Programming a Discord Bot Part 2 (of 3? hopefully)

Good Morning from my Robotics Lab! This is Shadow_8472, and today I can taste victory on this mini-project, but as you can tell from the title, it shall be denied for this week. Let’s get started!

Last week, I talked about getting the PiCharm IDE running, and how it’s only as useful as the person maintaining it; as long as someone in the room knows what’s going on, things can get repaired when they break.

This week was another one where I went around building up my knowledge without feeling like I made any tangible headway. I keep telling people, “If I knew exactly what I was doing, I’d be done in two minutes,” and I still stand by that statement. Most of programming is figuring out how you want things to work overall, how your component parts were designed to work, and how the incomplete product actually works, then reconciling all three.

I spent most of my time studying how the async/await model of computing works. Before this week’s project chapter, I knew about multithreading and hyperthreading. All three are models for working on more than one thing at once in a CPU, and each has advantages and challenges. Imagine a computer thread as a guy at a workstation. Multithreading would be adding another guy at another workstation.

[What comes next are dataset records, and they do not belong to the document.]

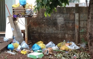 A coleta de lixo é feita três vezes por semana, mas moradores de um condomínio colocam o lixo diariamente ali, não colocando somente no dia da coleta coletiva. Para agravar a situação, os cachorros se encarregam de bagunçar tudo. Márcio
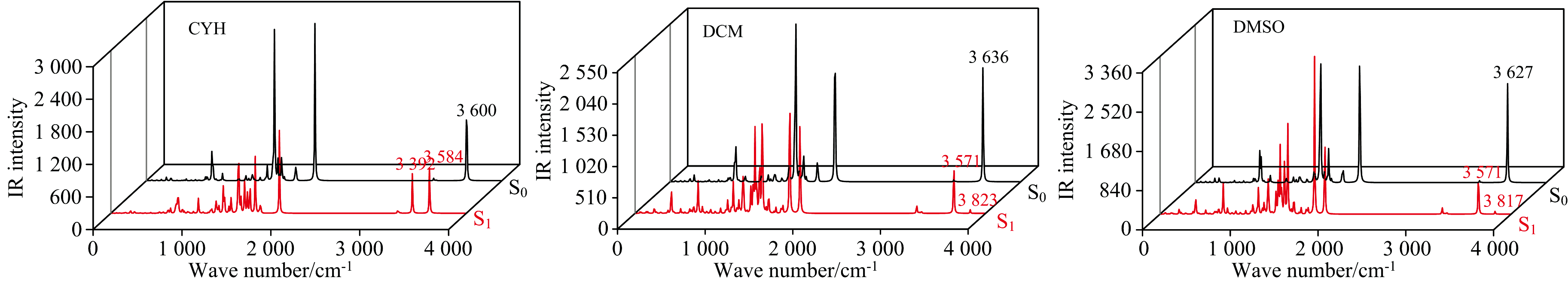 红外光谱的变化情况同样可以证明氢键的增强或减弱情况[38]。 因此在这一节中我们利用同样的方法模拟了BP6DC在CYH, DCM和DMSO溶剂中的红外光谱。 我们分别计算了S0态和S1态时的红外光谱, 观察到了与上一节的氢键参数一致的变化规律。 如图4所示, 在CYH溶剂中, S0态下的BP6DC在振动波数为3 600 cm-1处存在O12— H18和O24— H25同时的伸缩振动, 而S1态下在3 392 cm-1处出现O12— H18键单独的伸缩振动, 与S0态相比频率红移了208 cm-1。 同样在S1态下, O24— H25键在3 584 cm-1处出现了伸缩振动, 其频率与S0态相比仅仅红移了16 cm-1。 这表明, 在S1态下, CYH使BP6DC的氢键得到了增强。 在DCM溶剂中, 基态的BP6DC在3 636 cm-1处存在O12— H18 键和O24— H25键协同拉伸振动。 而在激发态下, 分成两个峰, 分别红移到3 571 cm-1和蓝移到3 823 cm-1处。 类似的, DMSO溶剂中, BP6DC分子在基态时, 振动波数为3 627 cm-1处也出现O12— H18键和O24— H25 键协同拉伸振动。 同样在S1态时被分成两个单独的峰, 振动波数分别红移到3 571 cm-1和蓝移到3 817 cm-1。 我们发现随着溶剂极性的增强, O12— H18键在S1态的伸缩振动的波数红移程度在减小, 如CYH(208 cm-1)→ DCM(65 cm-1)→ DMSO(56 cm-1)。 说明溶剂极性影响氢键在激发态下的增强程度。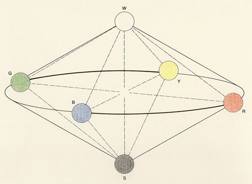 Aloïs Hofler, « Système des couleurs », basé sur le schéma publié page 216 de Grundlehren der Logik un Psychologie, Leipzig-Vienne, Freytag-Tempsky, 1906.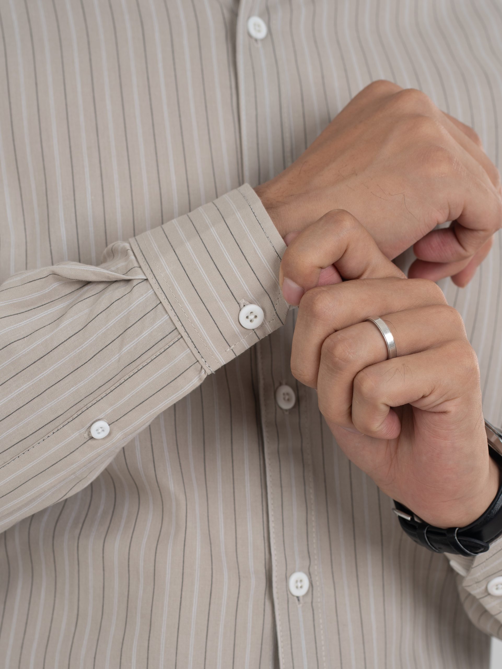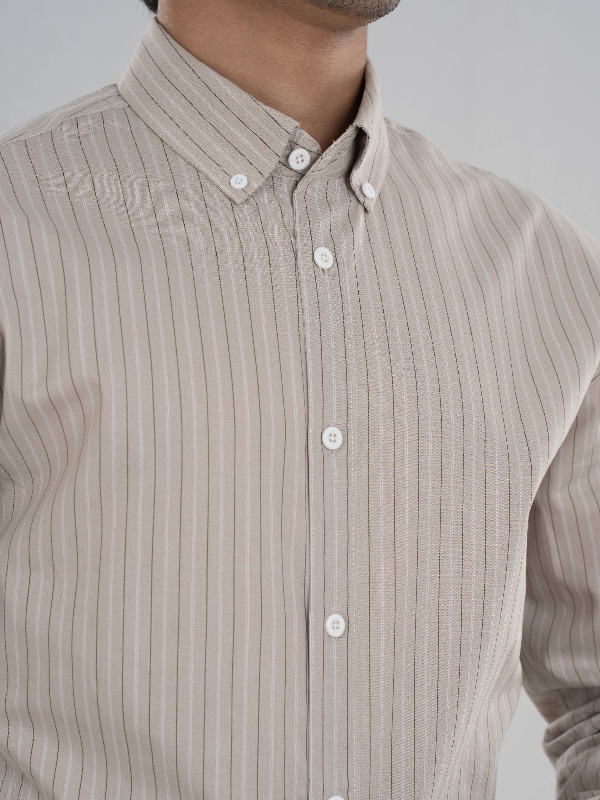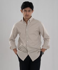 From the ETERNA Collection — a beige striped cotton shirt designed for breathable comfort and timeless sophistication.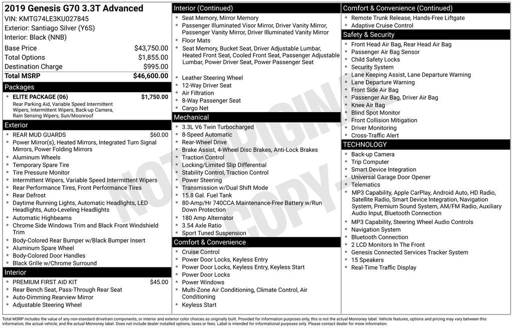 Silver 2019 Genesis G70 3.3T Advanced V6 8-Speed Automatic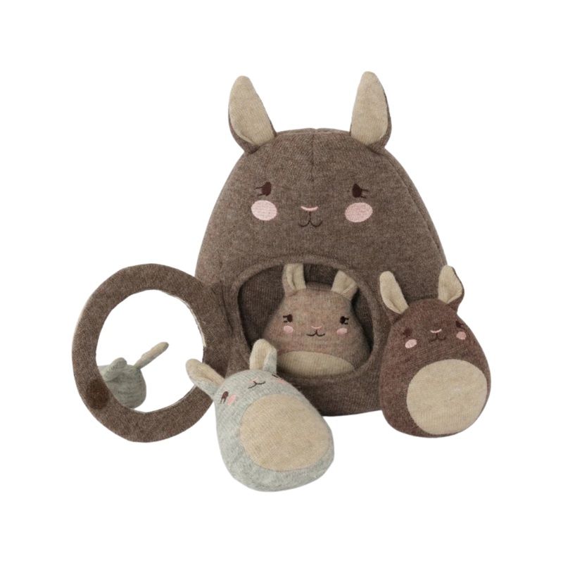 The kangaroo carries three babies inside that all make a gentle jingle sound when played with.The tummy has a velcro closure and a plastic mirror inside. The mothers ears make a crinkle sound.Material: 80% wool and 20% nylon with polyester liningHeight: 20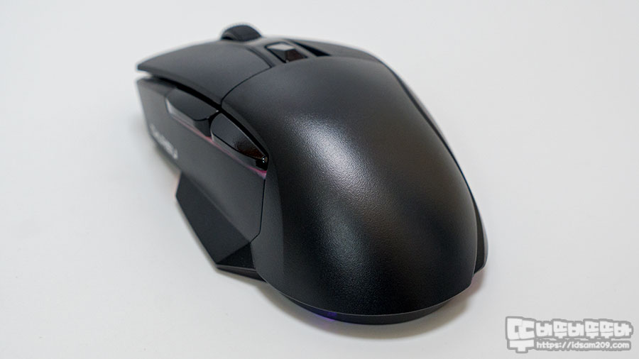 외형적으로는 비대칭 구조를 띄고 있지만 왼쪽 버튼과 오른쪽 버튼의 경사가 그렇게 격하지 않기에 마우스 그립 시 크게 불편함이 없는데 왼쪽 버튼은 연속적인 클릭을 해야 하는 MMORPG 또는 FPS 게임을 장시간 하는 경우 검지 손가락의 불편함이 전혀 느껴지지 않네요.

Hyperthreading would be convincing two guys to share parts of the workstation they both aren’t using at the same time. “Coroutines” would be the first guy stepping aside from the workstation while he waits for more work to do and lets the next guy have a turn.

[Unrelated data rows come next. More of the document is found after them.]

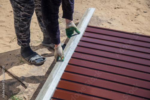 A man makes a fence of metal
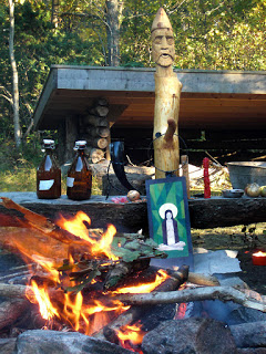 A Pagan or Heathen altar and ceremony in Sweden, 2009 in honour of their gods. In fact, several gods are represented on the altar. The central pole represents their god Frey. This is a pre-Christian practice.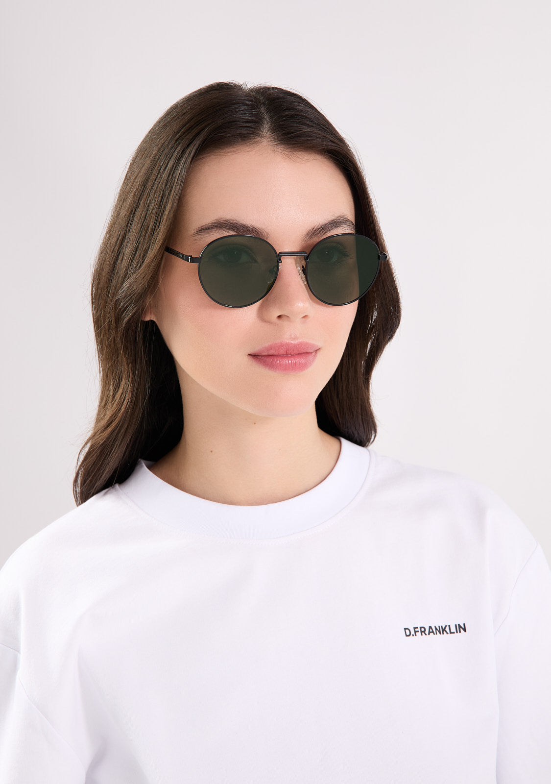 The Round Legacy design features a metallic finish with an oval aesthetic. Its black-tone frame is paired with G15 green anti-reflective lenses that allow a subtle view through and define the facial features. The front measures 139 mm, and the lens width is 52 mm. The temples are 140 mm long and incorporate our distinctive detailing. A retro yet minimalist piece to frame any outfit.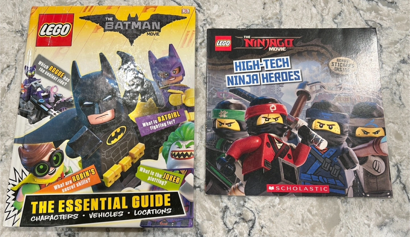 Pair of LEGO movie books: The LEGO Batman Movie: The Essential Guide, and The LEGO Ninjago Movie: High-Tech Ninja Heroes.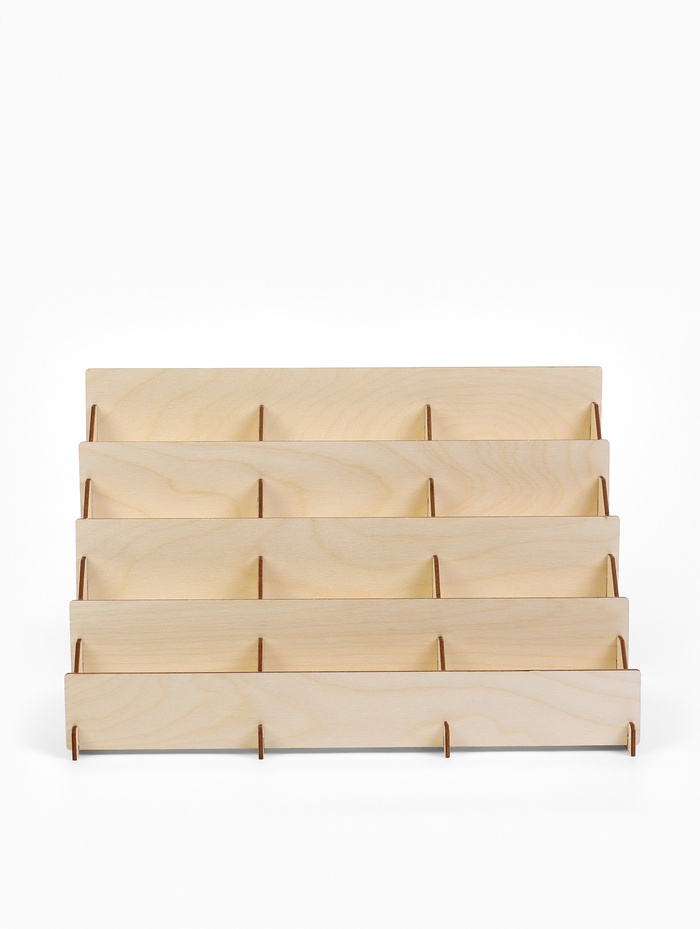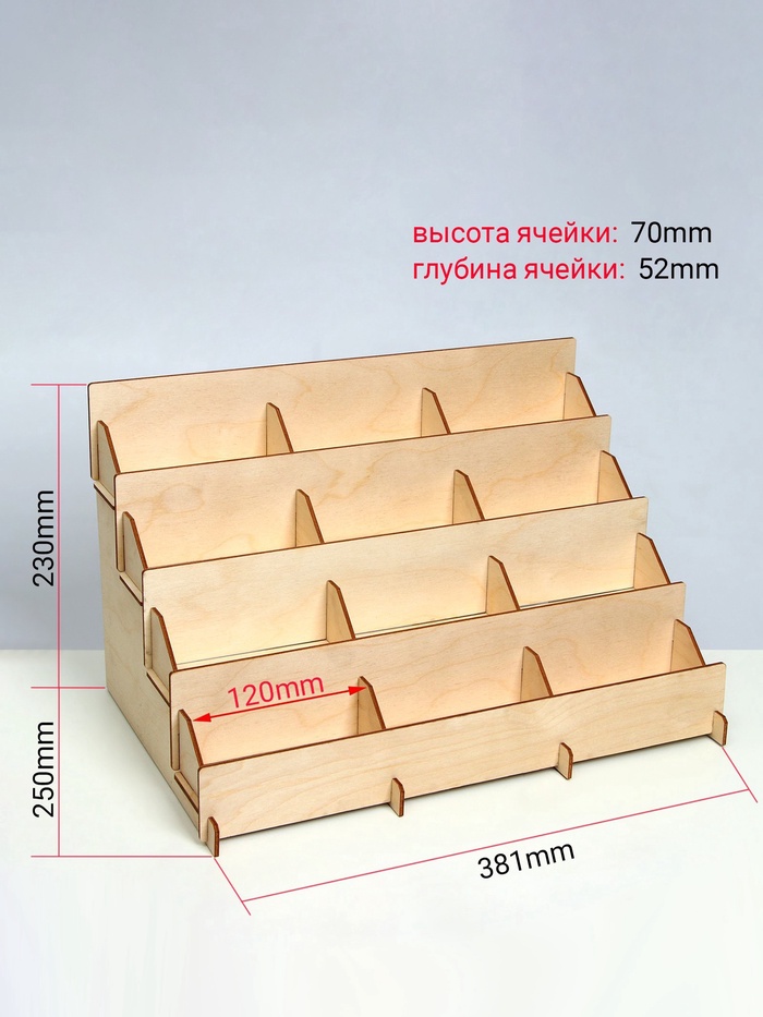 Настольная подставка для открыток с 12 ячейками — это удобное решение для организации и демонстрации карточек формата А6+. Размеры 38,1×23×25 см позволяют разместить коллекцию открыток или рекламных материалов в аккуратном порядке. Изготовленная из фанеры толщиной 3 мм в бежевом цвете, она сочетает практичность с эстетикой, создавая гармонию в любом интерьере.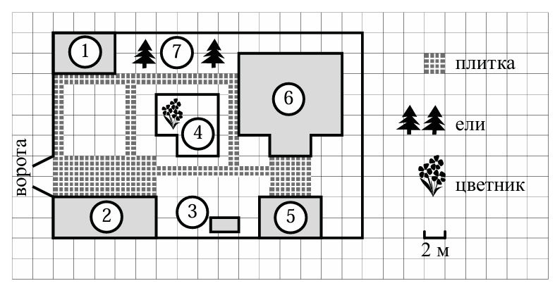 На плане изображено домохозяйство по адресу: СНТ «Прибор», 2-я Линия, д. 26 (сторона каждой клетки на плане равна 2 м). Участок имеет прямоугольную форму. Выезд и въезд осуществляются через единственные ворота. При входе на участок справа от ворот находится гараж, а слева в углу участка расположен сарай, отмеченный на плане цифрой 1. Площадь, занятая сараем, равна 24 кв. м. Жилой дом находится в глубине территории и обозначен на плане цифрой 6. Помимо гаража, жилого дома и сарая, на участке имеется летняя беседка, расположенная напротив входа в дом, и мангал рядом с ней. На участке также растут ели. В центре участка расположен цветник. Все дорожки внутри участка имеют ширину 1 м и вымощены тротуарной плиткой размером 50 см x 50 см. Перед гаражом и между домом и беседкой имеются площадки площадью 40 и 16 кв. м соответственно, вымощенные такой же плиткой. К домохозяйству подведено электричество. Имеется магистральное газоснабжение.

Other than that, I explored Redbot, some sort of bot to program for Discord. I ended up giving up on it for this project because it was a little expensive on the learning curve for me right now, and I’m not entirely sure it will suit my needs for now.

In the meantime, I’ve made the slightest of “outreach progress,” (yes, I just made that up to talk about when you aren’t ready for something, but try it anyway). I don’t know what’s going on, but hopefully I will know soon.

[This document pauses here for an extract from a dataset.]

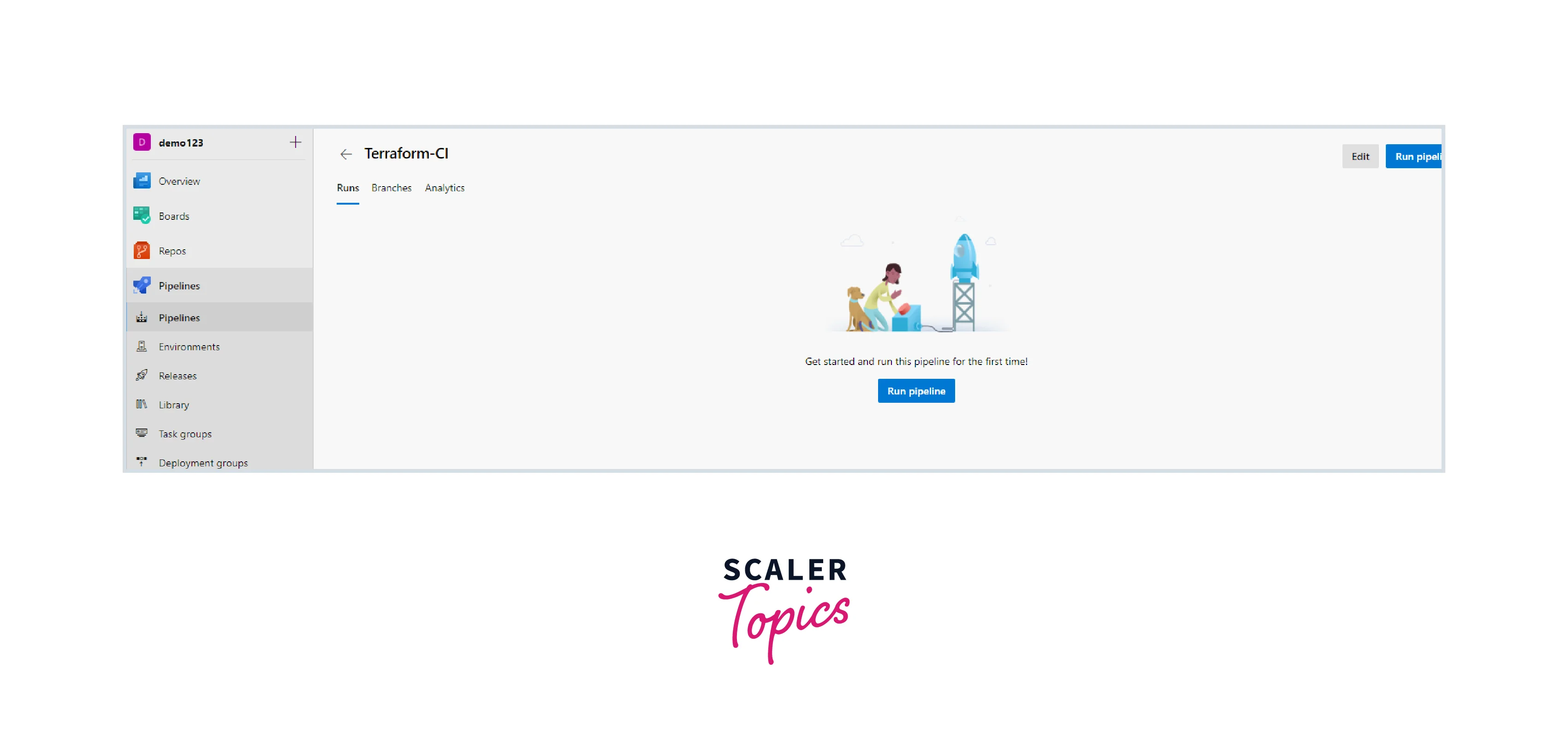 - Choose Pipelines from the menu. Click Edit after choosing Terraform-CI.
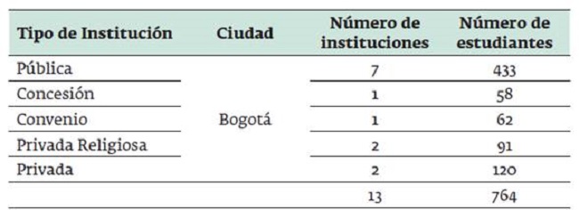 Los participantes en el estudio fueron 764 estudiantes de educación media que en 2019 estaban cursando el grado once en instituciones educativas públicas y privadas en la ciudad de Bogotá (tabla 1)5. Las edades de los participantes se encuentran en el rango de los 15 a 17 años. Con el fin de asegurar la representatividad de la muestra -99 % de confianza y 5 % de error-, al momento de la aplicación del instrumento se tomó como referencia de cálculo, el total de la matrícula del último grado de educación obligatoria -grado once-, registrado oficialmente por el DANE (Departamento Administrativo Nacional de Estadística); cifra que se ubicaba en 85 861 estudiantes6.

On the whole, a lot of my projects remind me of a few stories from doing trail work in Pathfinders, a youth club run by my church. One of our annual events involves working on trails at a local State park. While flattening the trail, everyone runs into rocks. Usually, they can just be relocated to somewhere nearby for drainage purposes, but every year, it seems, someone finds a rock in the way that just keeps going until it takes four or five teens to properly move it around once loose. Most of my projects feel like one of these boulders.

On the sad end of the spectrum, I was irresponsible with Blinky’s case. I ended up crushing it. Hopefully, I will get around to seeing to its repair.

Final Question: Windows recently updated. Among a bunch of stuff I didn’t bother reading, I spotted a Dark Mode feature I’m taking advantage of. Do you prefer to keep using the standard, bright theme, or will you be switching over to the dark theme?